The author most probably quotes directly from both the UN Charter (beginning of first paragraph) and the proposal mentioned at the end of the first paragraph for which

Answer choices

  1. Wrong Role: contrasting definitions2% picked this

    to contrast the different definitions of human rights in the

    We don't know how either document defines "human rights", from this 1st paragraph, so contrasting the two different definitions can't be the author's purpose.

  2. Correct77% picked this

    to compare the strength of the human rights language in the

    Why this is right

    Comparing "the strength of language" can be matched up with a lot of the text from the 1st paragraph. We anticipated something like, "the author tells us about the UN Charter to explain that there had been a previous attempt to safeguard human rights, but it didn't have enough teeth behind it, so that's what motivated the creation of the UDHR". The UDHR "expressly affirms universal respect for human rights", while the UN Charter "encourages respect for human rights". UN members weren't happy with the Charter because they said "the language was not strong enough / it didn't go far enough to guarantee rights". They "lobbied vigorously to strengthen the human rights provisions" and proposed that member states be required / obligated to act on human rights issues. It still seems weird to say that the author's purpose in quoting the Charter and quoting the Proposal was to compare strength of language in each, but the author is telling the backstory that led up to the UDHR, and the crux of that backstory is "Are we being forceful enough in guaranteeing human rights"? There's a progression from the Charter's weak-sauce "we encourage respect" to the Proposal's obligatory "member states are required to co-operate with the promotion of human rights" to the eventual language of the UDHR.

    Skill tested: Local Purpose · how this choice captures the passage's function is the move to repeat next time.

  3. Out of Scope: common vocabulary1% picked this

    to identify a bureaucratic vocabulary that is common to the

    The only common vocabulary we might find here is "human rights", but the author's main point in the 1st paragraph isn't saying something like, "Check it out -- both of these documents use this same bureaucratic term, human rights." It doesn't even really seem fair to call that "bureaucratic vocabulary", which implies something more like technical jargon specific to a certain bureaucracy.

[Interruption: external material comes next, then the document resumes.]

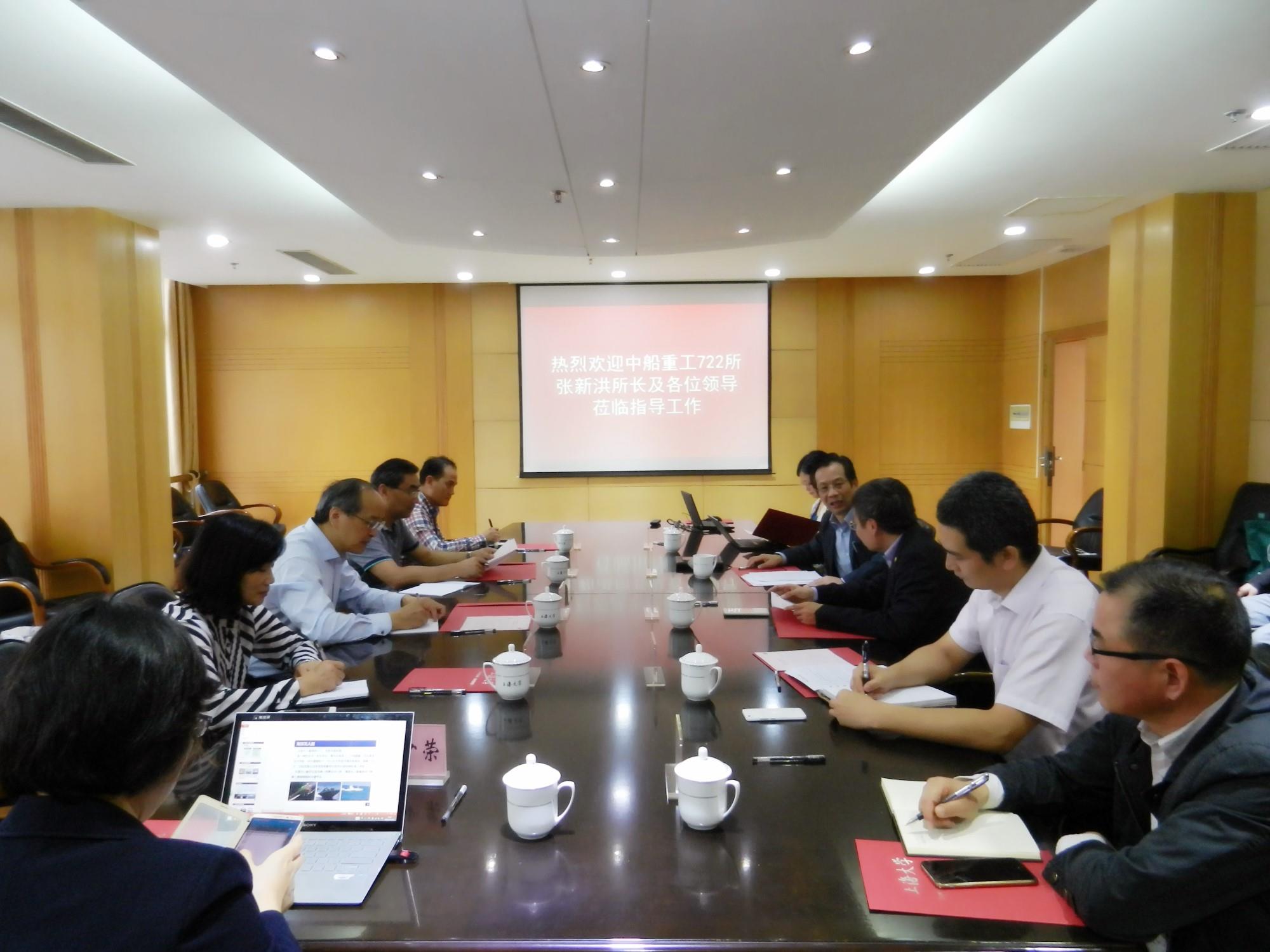 10月12日,中船重工722所所长张新洪一行到访我校。校长金东寒院士在校本部与张新洪所长一行展开了深入座谈。座谈会由副校长汪敏主持。

  4. Too Strong: most important12% picked this

    to highlight what the author believes to be the most important point

    There's no text to support that the author thinks that either quoted excerpt is the most important point in each document. The author's overall goal isn't to spotlight a certain line she likes. She's trying to tell the story of what led up to the UDHD, and the idea is that the UN Charter took a swing at safeguarding human rights and people weren't happy with how weak it was.

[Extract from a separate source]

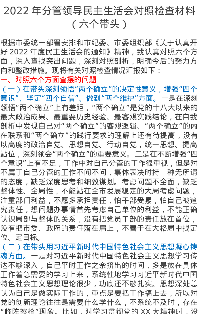 2022年分管领导民主生活会对照检查材料(六个带头)4635字

  5. Out of Scope: prose styles8% picked this

    to call attention to a significant difference in the prose styles of

    The author is never discussing the different styles of prose. It's hard to even call something like a charter or a proposal a work of prose ("prose" normally means a literary work that isn't poetic in nature, like an essay or story or novel). Comparing prose styles would be like talking about how one write likes to use very long sentences with lots of descriptive clauses and flowery vocabulary, while another author keeps it simple and casual.